_EXERCISE DIRECTIONS_
Each record must come back unchanged in your answer, stripped of its images.

Source records:

***

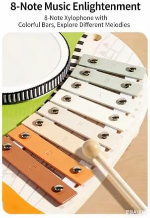 PBUH Wooden Educational Toy Set for Toddlers 2-4 Years - Music Instruments,with PU Leather Drum Head,8 Note Music Enlightenment,Castanets,Rattle drum and Copper Drum in 1 full amazing Fun set.
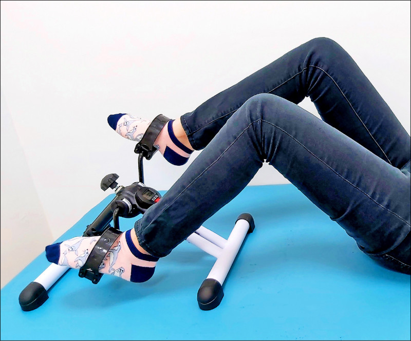 ●下肢肌力訓練:雙腳踩床上型腳踏車(圖4),從零阻力3分鐘、漸進阻力5至10分鐘、休息1分鐘,在可耐受下,重複實行漸進增加訓練時間,以達持續性之運動30分鐘,最後阻力漸減至零阻力5分鐘。
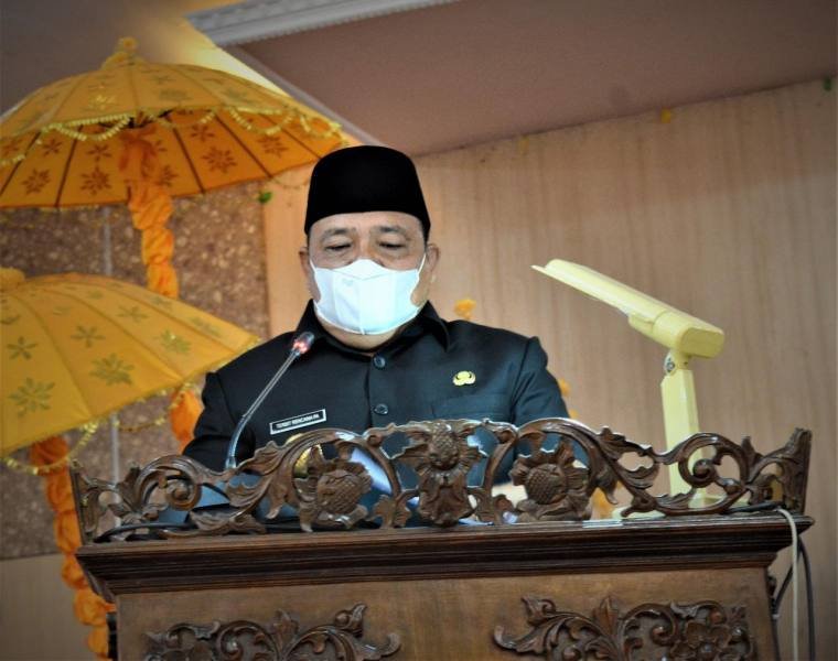 Langkat, POL | Bupati Langkat Terbit Rencana PA didampingi Wakilnya H. Syah Afandin menyampaikan penjelasan  Ranperda APBD Kabupaten Langkat Tahun Anggaran (TA) 2020 pada rapat Paripurna DPRD Langkat, di Gedung DPRD Langkat, Stabat, Kamis (1/7/2021).
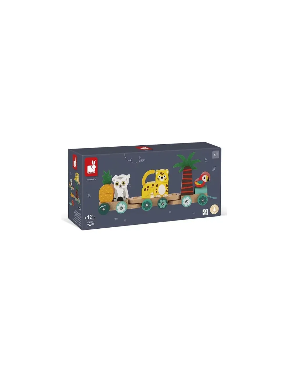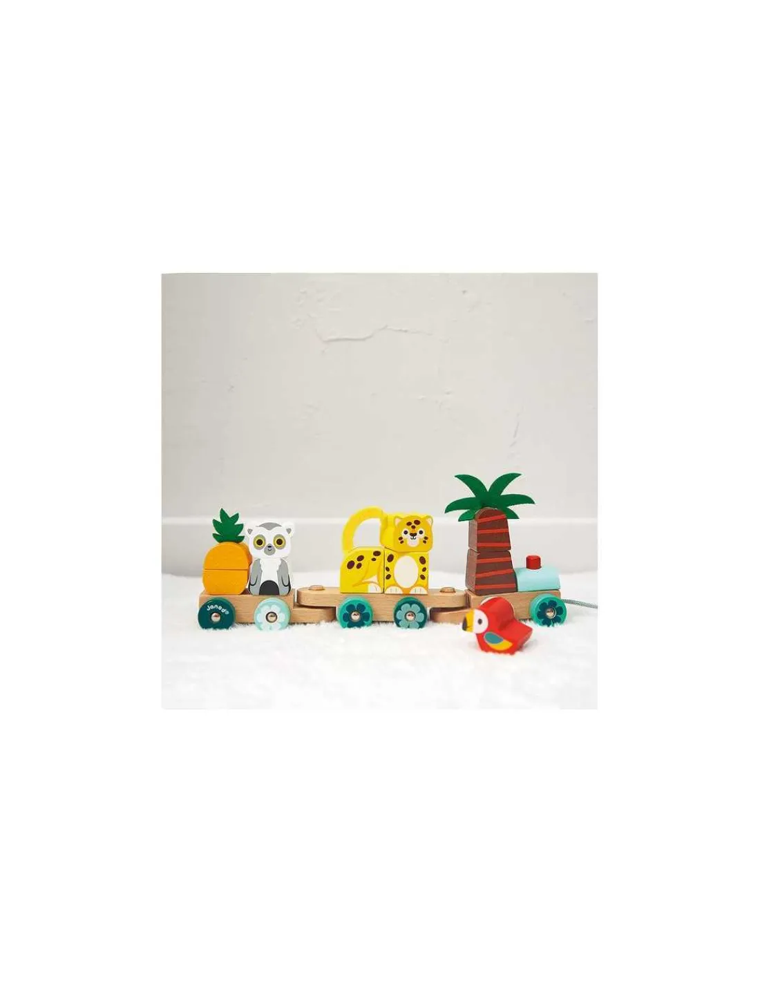Découvrez le train tropical à tirer de Janod, un jouet en bois 2 en 1 de la collection Tropik comprenant un jouet à tirer et un jeu à encastrer pour amuser les bébés dès 12 mois.
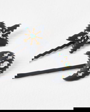 Laurel Star & Moon Stone Black Hair Slides Set Of Two
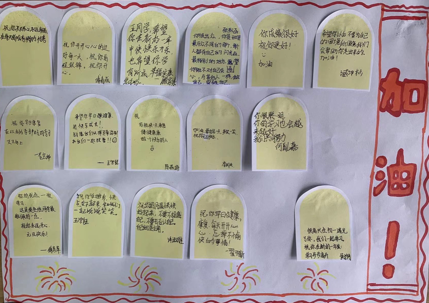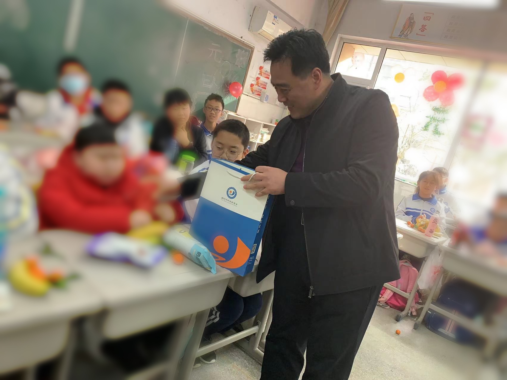 原來,在前一天,校長徐勤波和班主任韓淑霞,以及所有任課教師和同學們,共同為王曾亮策劃了一場別開生面的元旦晚會?!昂芨吲d在初一遇見了你,我們一起學習?!薄澳愫艹霰?,你是班里最與眾不同的那個!”“你是班里最可愛的人,還是一個大學霸?!薄拔蚁M阆窈悺P勒一樣敢于挑戰(zhàn)命運的不公!”……一張張送給王曾亮的卡片上寫滿了同學們對他的贊美與祝福。徐校長也為他帶來了一份裝滿書籍、筆記本和文具盒的禮包,王曾亮在笑聲中度過了這樣一個特別的元旦節(jié)?!罢娴奶@喜了!老師和同學們對我的關懷,讓我有更大的動力學習!”王曾亮說,盡管平日里上學困難重重,但這樣的學校生活是他一直無比向往的,和老師、同學們相處的日子如春日暖陽般溫暖著他。
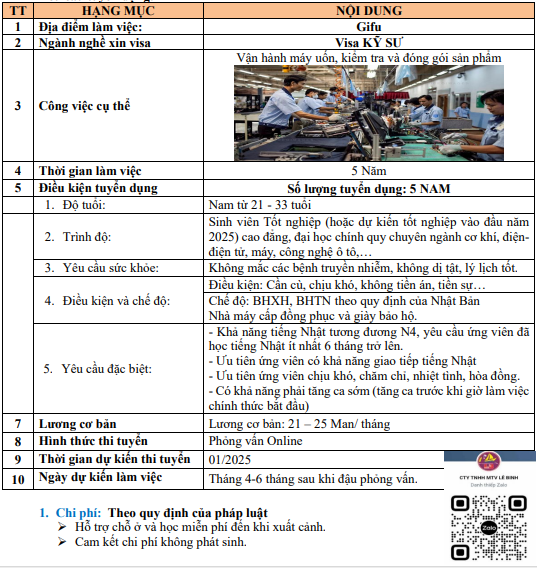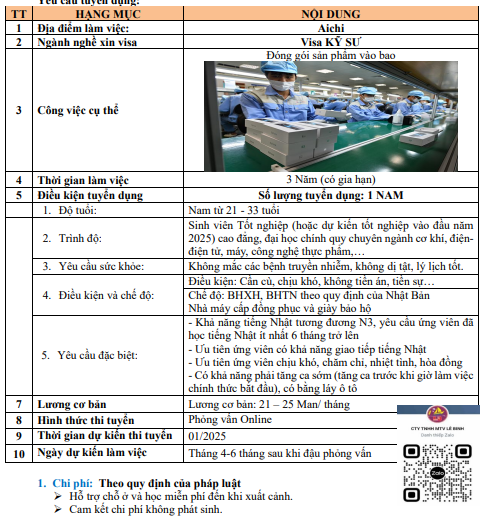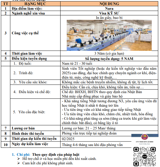 Thông báo tuyển lao động làm việc tại Nhật Bản, các đơn hàng: Vận hành máy, Đóng gói bao bì, In ấn. VISA Kỹ sư
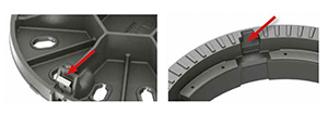 Polsterējums palielina izturību un palielinātu stabilitāti, kā arī samazina trokšņa līmeni. Slodzē, atkarība no polsterējuma blīvuma, polsterējums iespiežas vākā vai restes. Ja starpība starp slogojumu un atslogojumu ir pārāk liela, tas var radīt «tramplīnā efektu». Maksimāli pieļaujamā deformācija ir 3mm.-
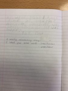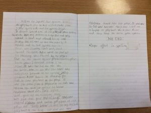 This child in Primary 6 wanted to write a story at home so decided to share it in their home learning jotter.
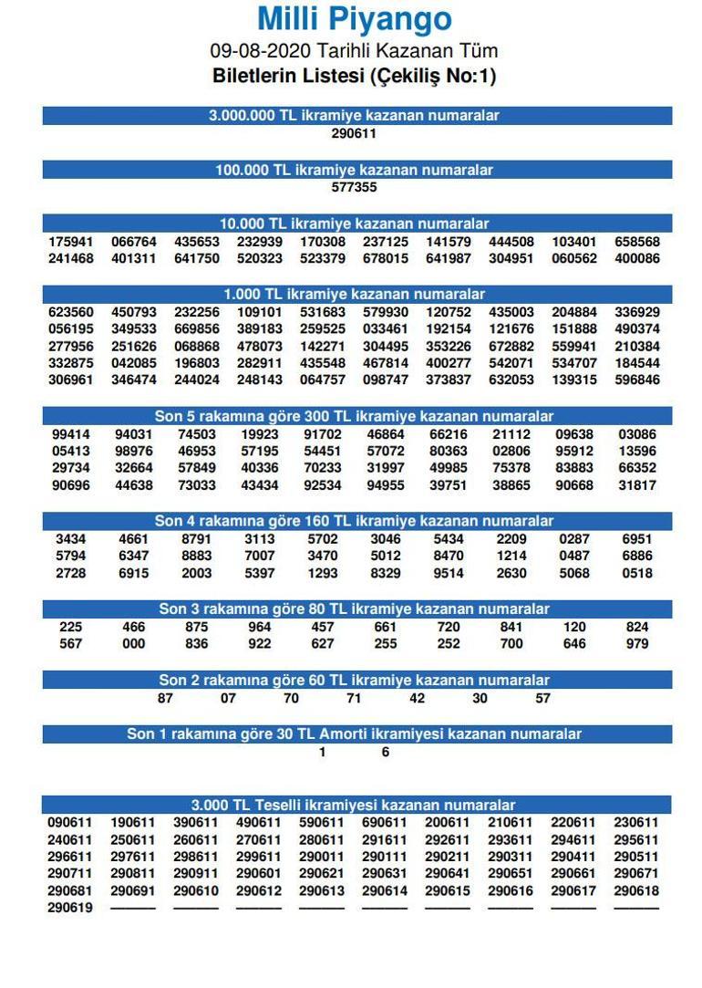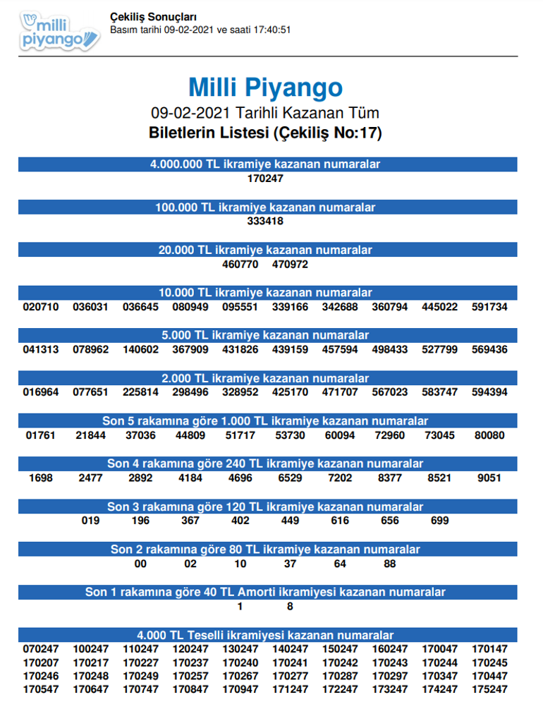 Milli piyango çekiliş sonuçları milli piyango resmi i̇nternet sitesinden alınmıştır.

***

_RESPONSE TO THE TASK_
 PBUH Wooden Educational Toy Set for Toddlers 2-4 Years - Music Instruments,with PU Leather Drum Head,8 Note Music Enlightenment,Castanets,Rattle drum and Copper Drum in 1 full amazing Fun set.
 ●下肢肌力訓練:雙腳踩床上型腳踏車(圖4),從零阻力3分鐘、漸進阻力5至10分鐘、休息1分鐘,在可耐受下,重複實行漸進增加訓練時間,以達持續性之運動30分鐘,最後阻力漸減至零阻力5分鐘。
 Langkat, POL | Bupati Langkat Terbit Rencana PA didampingi Wakilnya H. Syah Afandin menyampaikan penjelasan  Ranperda APBD Kabupaten Langkat Tahun Anggaran (TA) 2020 pada rapat Paripurna DPRD Langkat, di Gedung DPRD Langkat, Stabat, Kamis (1/7/2021).
Découvrez le train tropical à tirer de Janod, un jouet en bois 2 en 1 de la collection Tropik comprenant un jouet à tirer et un jeu à encastrer pour amuser les bébés dès 12 mois.
 Laurel Star & Moon Stone Black Hair Slides Set Of Two
 原來,在前一天,校長徐勤波和班主任韓淑霞,以及所有任課教師和同學們,共同為王曾亮策劃了一場別開生面的元旦晚會?!昂芨吲d在初一遇見了你,我們一起學習?!薄澳愫艹霰?,你是班里最與眾不同的那個!”“你是班里最可愛的人,還是一個大學霸?!薄拔蚁M阆窈悺P勒一樣敢于挑戰(zhàn)命運的不公!”……一張張送給王曾亮的卡片上寫滿了同學們對他的贊美與祝福。徐校長也為他帶來了一份裝滿書籍、筆記本和文具盒的禮包,王曾亮在笑聲中度過了這樣一個特別的元旦節(jié)?!罢娴奶@喜了!老師和同學們對我的關懷,讓我有更大的動力學習!”王曾亮說,盡管平日里上學困難重重,但這樣的學校生活是他一直無比向往的,和老師、同學們相處的日子如春日暖陽般溫暖著他。
 Thông báo tuyển lao động làm việc tại Nhật Bản, các đơn hàng: Vận hành máy, Đóng gói bao bì, In ấn. VISA Kỹ sư
 Polsterējums palielina izturību un palielinātu stabilitāti, kā arī samazina trokšņa līmeni. Slodzē, atkarība no polsterējuma blīvuma, polsterējums iespiežas vākā vai restes. Ja starpība starp slogojumu un atslogojumu ir pārāk liela, tas var radīt «tramplīnā efektu». Maksimāli pieļaujamā deformācija ir 3mm.-
 This child in Primary 6 wanted to write a story at home so decided to share it in their home learning jotter.
 Milli piyango çekiliş sonuçları milli piyango resmi i̇nternet sitesinden alınmıştır.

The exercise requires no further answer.